▶ [YOUR INSTRUCTIONS] Reproduce the data below in full and to the letter, images excepted.

Dataset entries
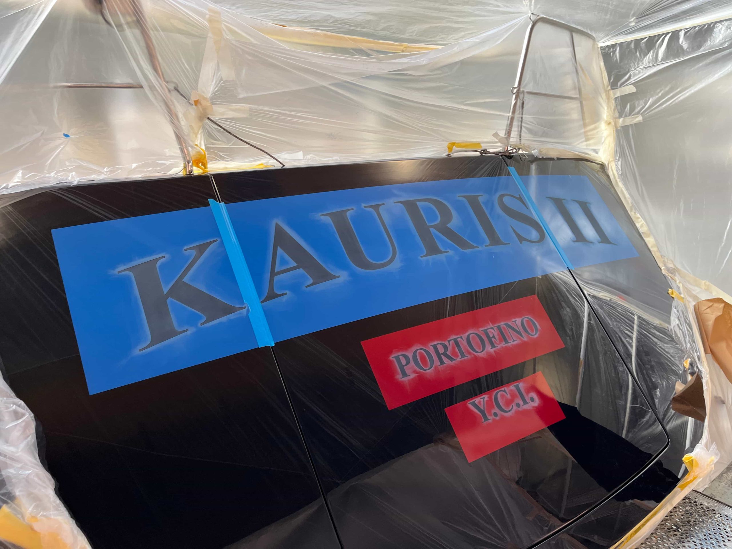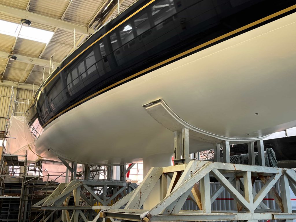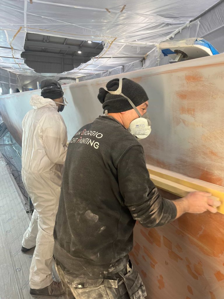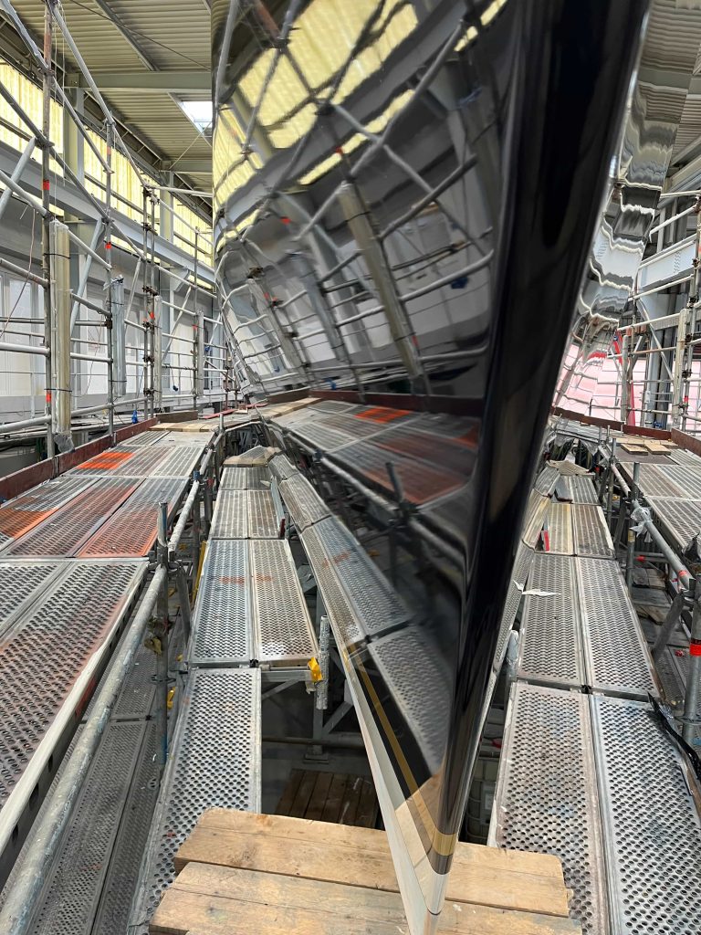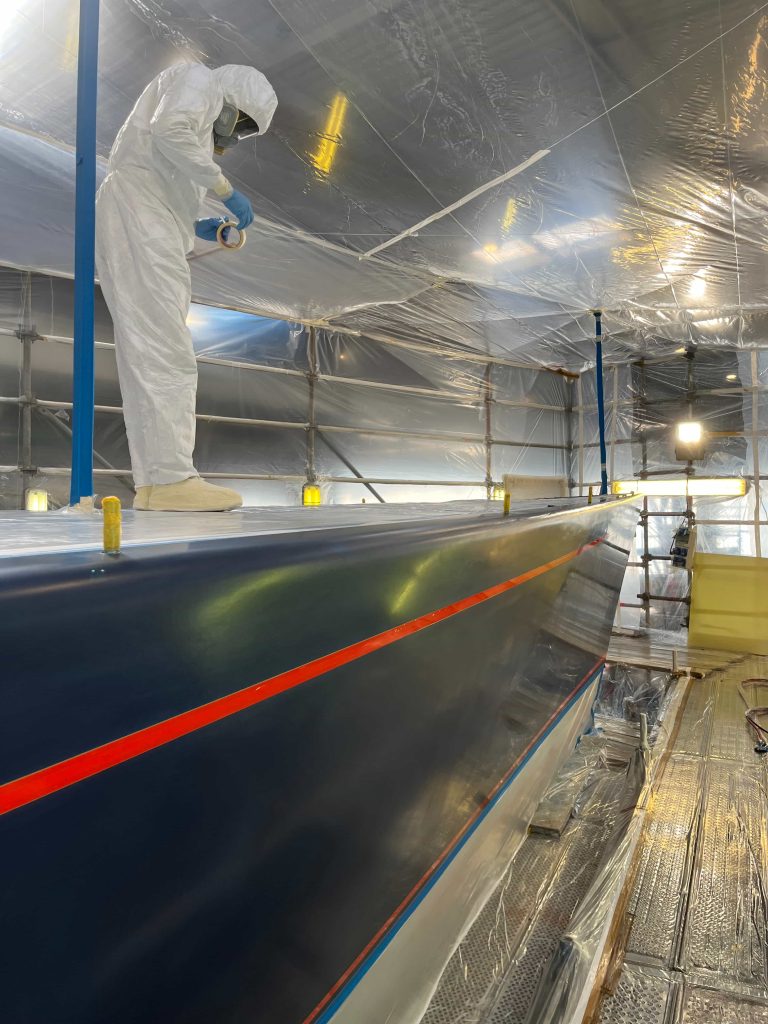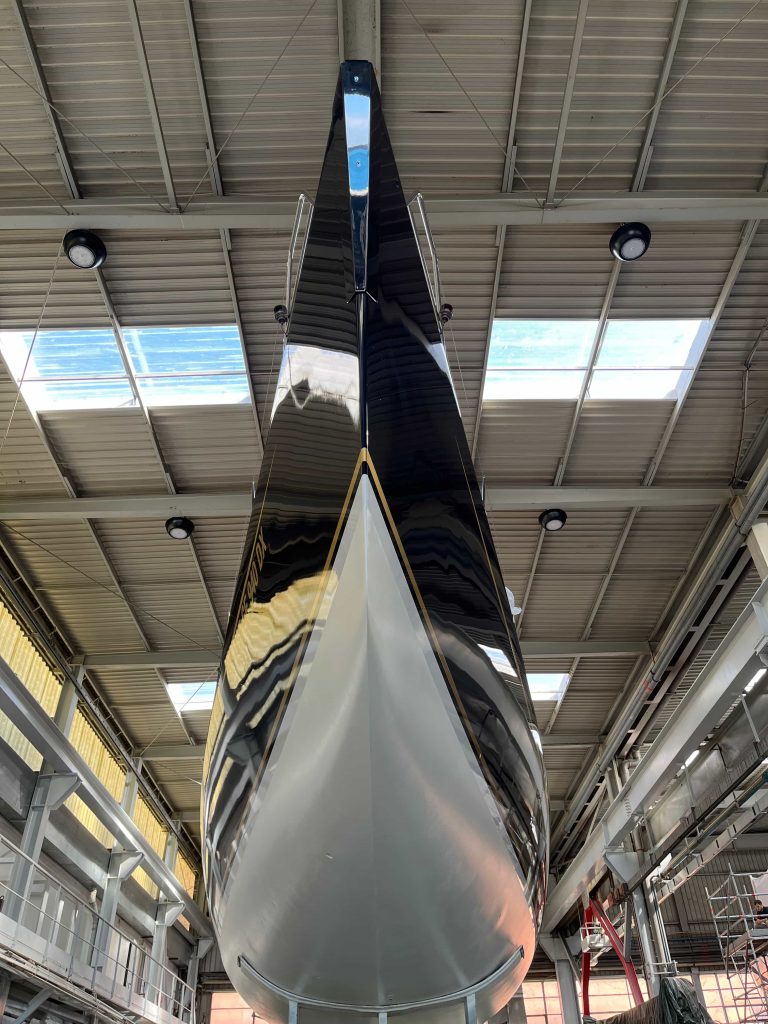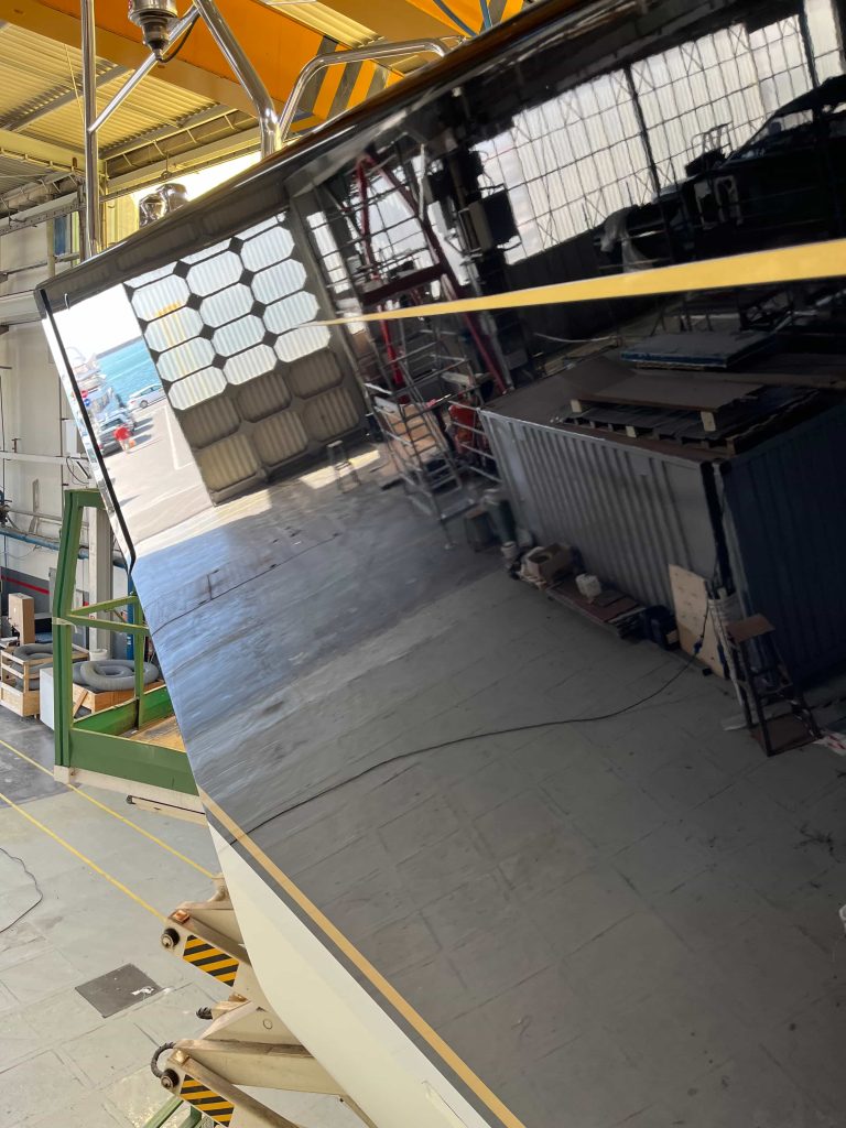 The Kauris II required a substantial refit of its topsides, particularly with some issues at the bow. It was necessary to completely remove all the filler and undertake a new surface preparation with the goal of minimizing the presence of filler and giving the bow a more streamlined appearance. On the entire topsides, we performed a complete removal of the paint layers, and the surfaces were treated using fairing during every sanding phase to ensure a perfectly smooth finish.
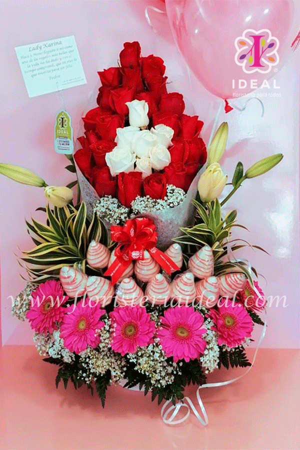 Lindo arreglo floral elaborado en bellas rosas y delicados follajes blancos, acompañado por deliciosas fresas de chocolate.
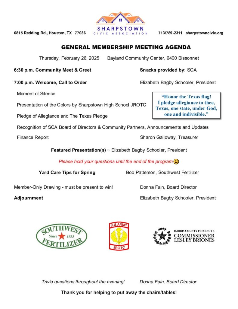 The Agenda for the February 2026 General Membership Meeting to be held on Thursday February 26th at 6:30 PM.
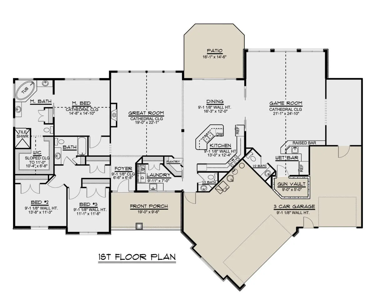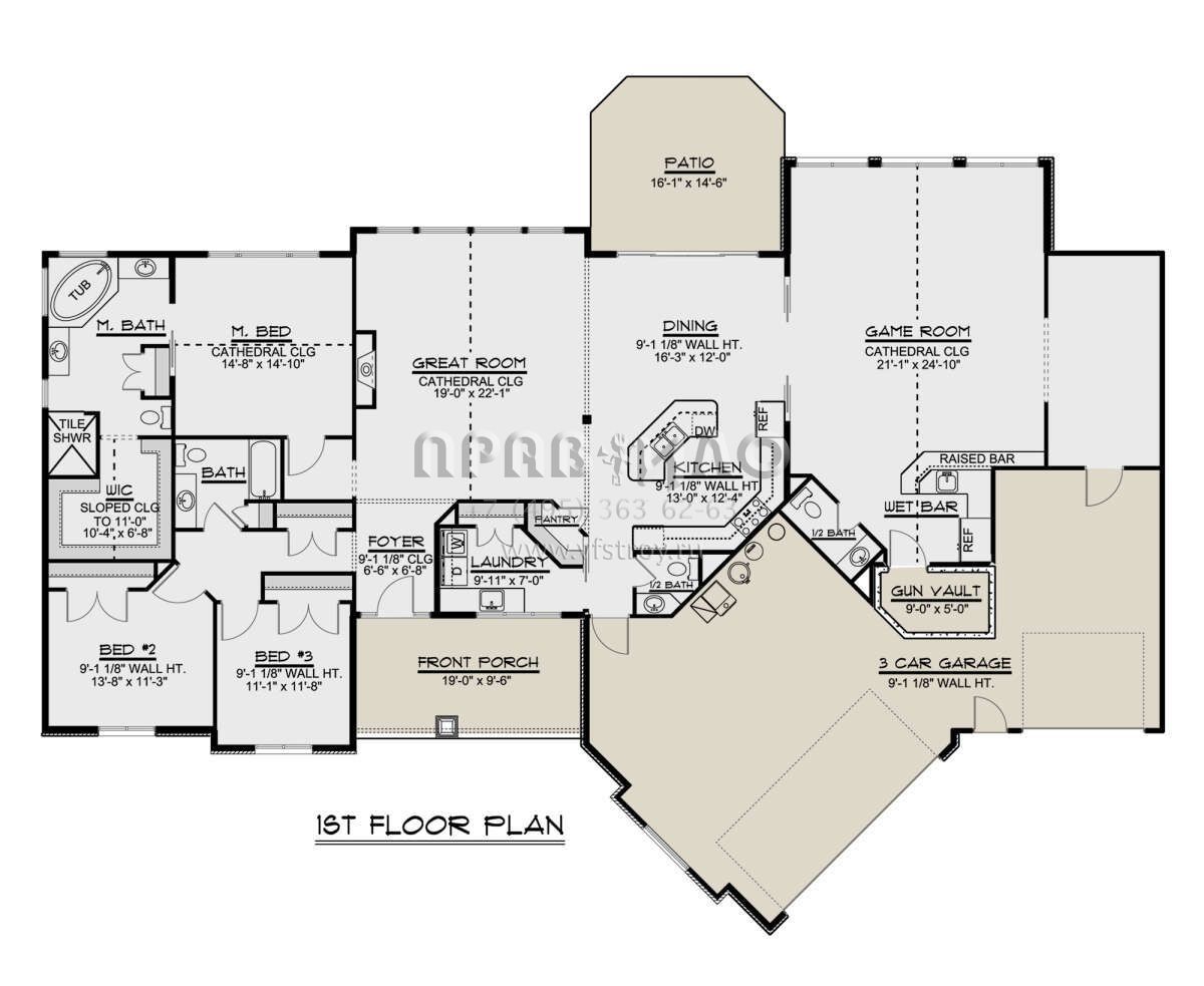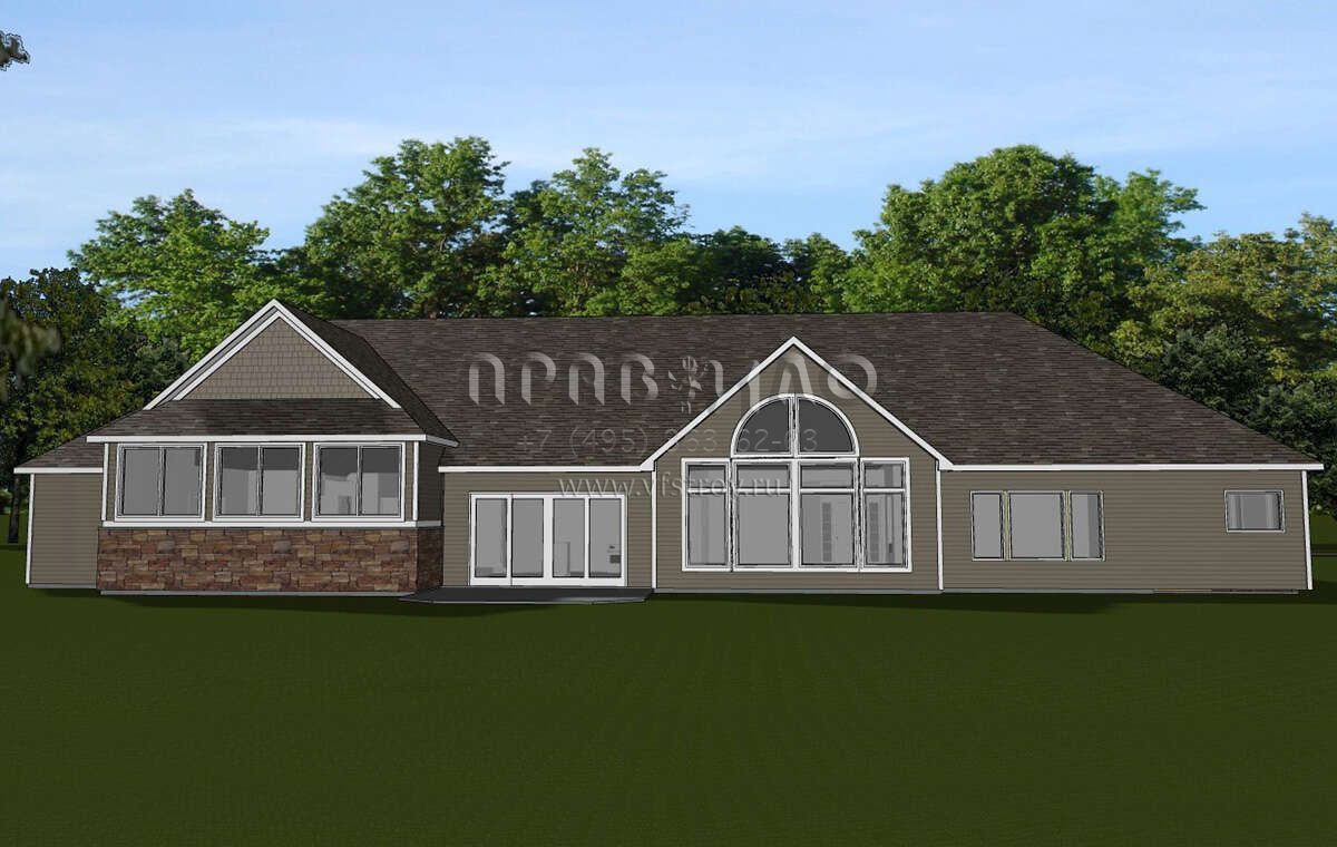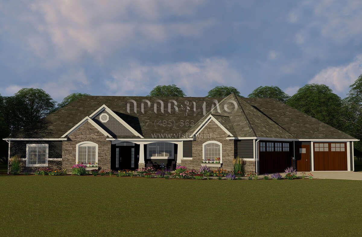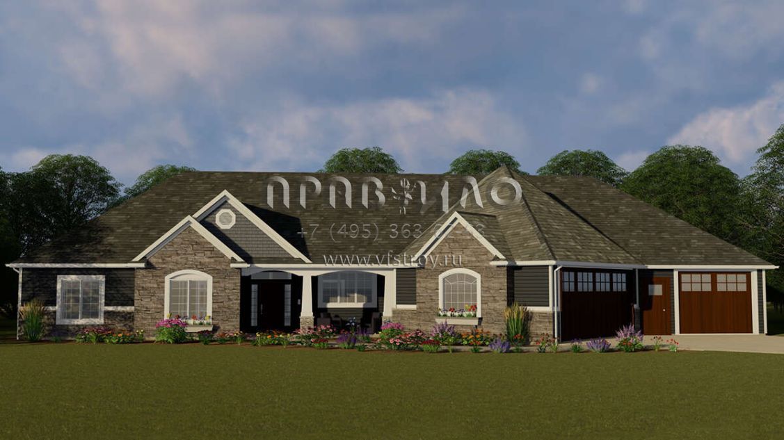 Проект одноэтажного дома с гаражом на три и более машин в американском стиле S5-284 (5032-00032)
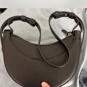 Chic Polene handbag in black leather. Features beige interior with gold zipper. NWOT Worn only a few times, needs a new home! Comes with two straps and the box. Listed online price $620
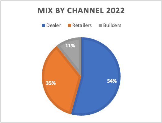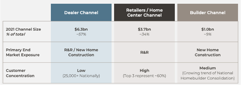 The company has the largest distribution network in North America with 4,500 across three channels: Dealers, Retailers, and Builders. They have a high degree of customer concentration coming from their largest customers with Lowes and Home Depot comprising ~37% of sales in 2022 making up most of the Retailer channel.

▶ [EXERCISE SOLUTION]
 The Kauris II required a substantial refit of its topsides, particularly with some issues at the bow. It was necessary to completely remove all the filler and undertake a new surface preparation with the goal of minimizing the presence of filler and giving the bow a more streamlined appearance. On the entire topsides, we performed a complete removal of the paint layers, and the surfaces were treated using fairing during every sanding phase to ensure a perfectly smooth finish.
 Lindo arreglo floral elaborado en bellas rosas y delicados follajes blancos, acompañado por deliciosas fresas de chocolate.
 The Agenda for the February 2026 General Membership Meeting to be held on Thursday February 26th at 6:30 PM.
 Проект одноэтажного дома с гаражом на три и более машин в американском стиле S5-284 (5032-00032)
 Chic Polene handbag in black leather. Features beige interior with gold zipper. NWOT Worn only a few times, needs a new home! Comes with two straps and the box. Listed online price $620
 The company has the largest distribution network in North America with 4,500 across three channels: Dealers, Retailers, and Builders. They have a high degree of customer concentration coming from their largest customers with Lowes and Home Depot comprising ~37% of sales in 2022 making up most of the Retailer channel.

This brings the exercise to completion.